On the broken leg

….and how God used this little tibia to give me some needed reminders about my role in WonderGIRL’s world. For those of you that know our family….you know we LLLLOOOOVVVEEEE going to the Trampoline Zone. So on one fateful trip, WonderGIRL was showing off her front flip moves and cracked a bone (insert entire ER admitting staff rolling their eyes here). And although she showed us yet again how absolutely tough she is through it all….a few lessons stuck out to me that I thought I would document and share.
WG and I had been battling pretty good the last couple of months. As a typical teenager, she was pushing boundaries with us her parents and testing out her independence in some areas. As a non-typical teenager whose brain and impulse control is greatly impacted by her trauma, she was questioning the adoption and pushing us away in fear that all of this permanency stuff was really just a dream. Her nightmares of us leaving/dying/divorcing were happening nightly and her behavior aimed at creating distance between us and her.
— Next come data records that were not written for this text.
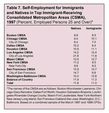 to reporting self-employment rates by CMSA, Table 7 also provides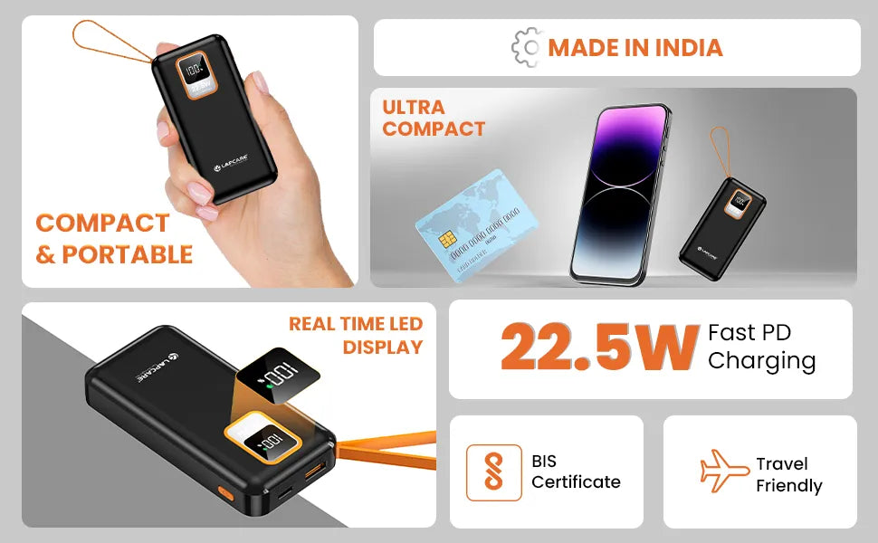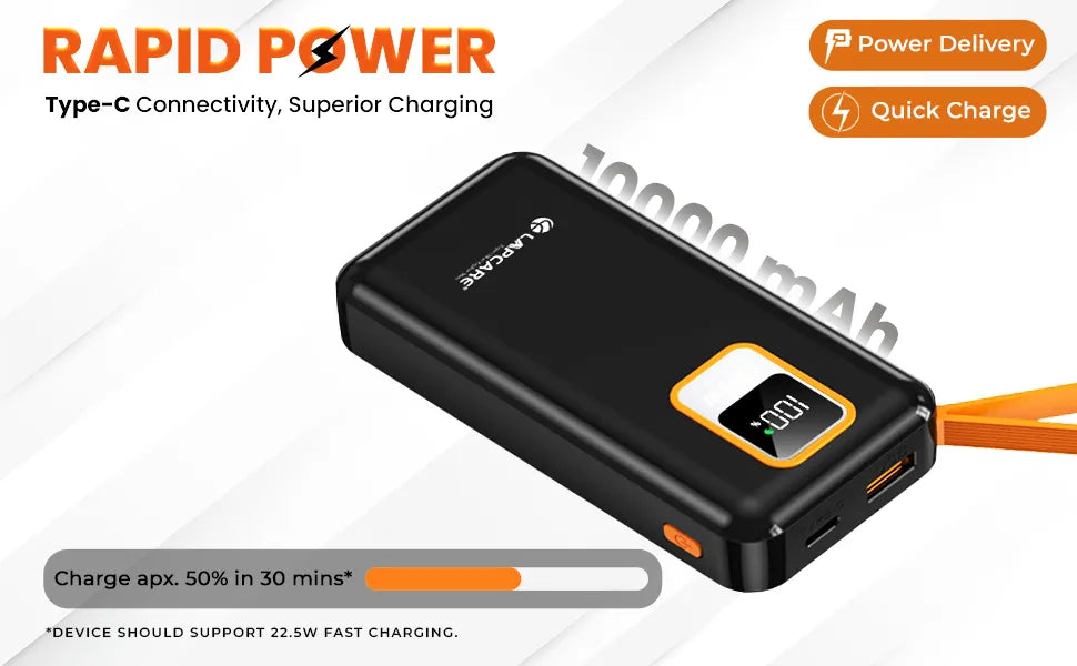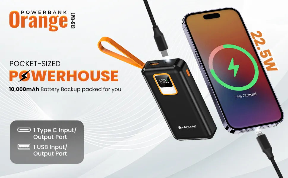 Get the power you need on-the-go with LAPCARE ORANGE 10000 mAh Power Bank. Featuring 2 ports - Type C & USB - and fast charging, you can get 50% battery life in just 30 minutes. Plus, stay informed on your battery life with the real-time LED display. The ultra compact and portable design makes it easy to take with you wherever you go. Never be without a charge again with this convenient and efficient power bank.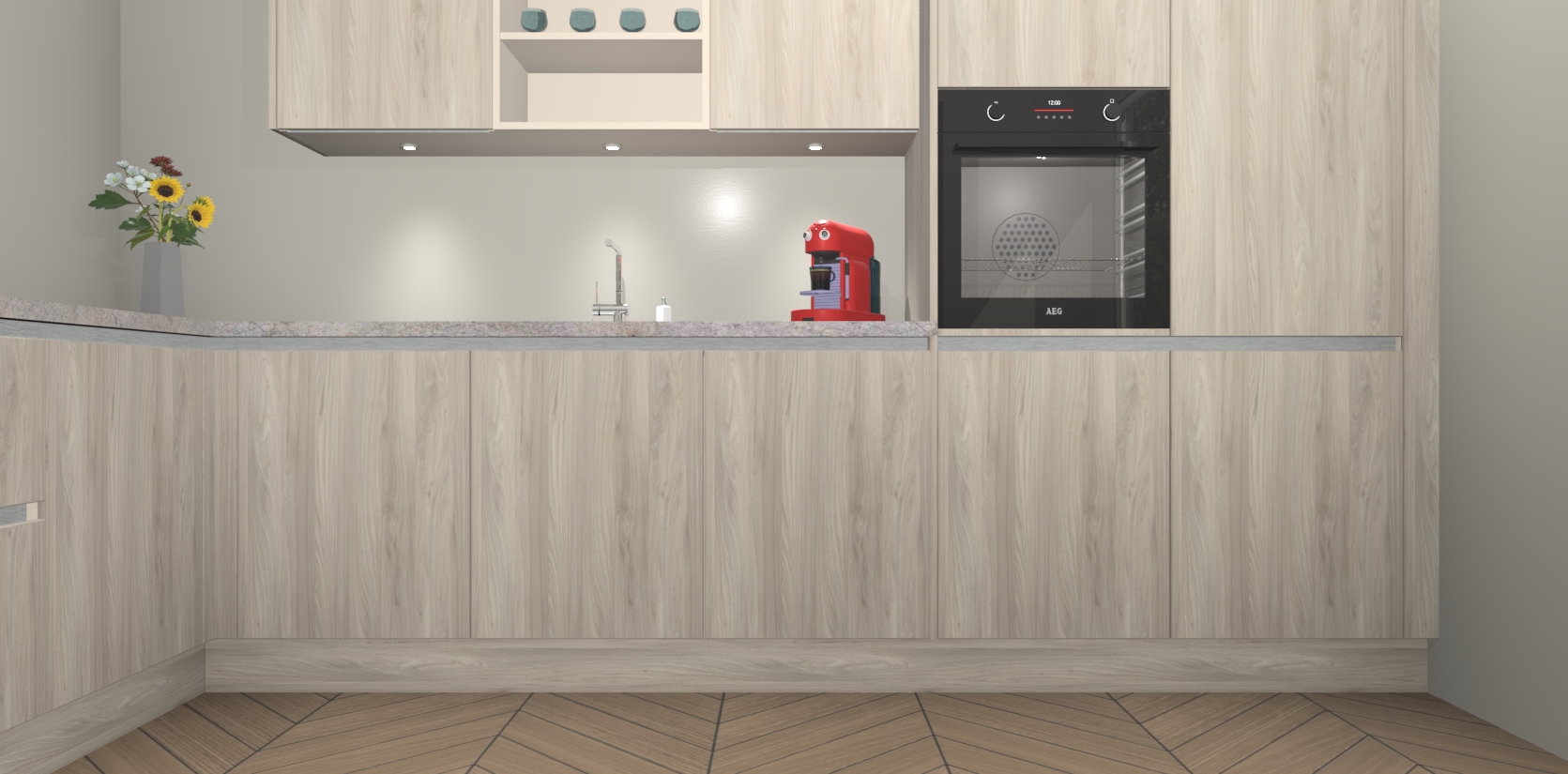 Inclusief plinten, stelpoten en werkblad

But of course….I’m only processing all of that brilliantly and with compassion in true perfect HINDSIGHT because while I was in it…..you better believe there were more swear words than empathy in my brain regarding the lying, manipulation and defiance that triggered me day in and day out.And not that God knew that one month into being “legal parents” we would need a reminder that we are never fully in control of keeping our kiddos safe from every harm. But I am questioning whether or not HE intentionally set up a scenario where our beloved WonderGIRL grace would break her leg in order to teach me a few things…..

Some truly magic events happened immediately after the break, I bathed my child. I helped her walk. I did her hair. I picked out her clothes. Things I never got to do with her because we got her at age 11….when she could already do those things herself and where some of those things were not appropriate due to her abuse. I got to mother my child in ways and from stages that I never got to experience in real time. And during those times, her eyes lit up, she was giddy, and I fell more in love with her than I already was. It was true attachment in a way that I’m sure my education and training had told me to do in other ways before this point but I chose to ignore (insert my hubby being right about this very thing and rolling his eyes when he reads this here).

This NEED for me and my care reminded me of her NEED for this attachment, even when her biological age doesn’t call for it and even when my education and training tell me what is appropriate/inappropriate for her. This mom-tuition is real and I love that God gifted me with it to care with such amazing and vulnerable little beings.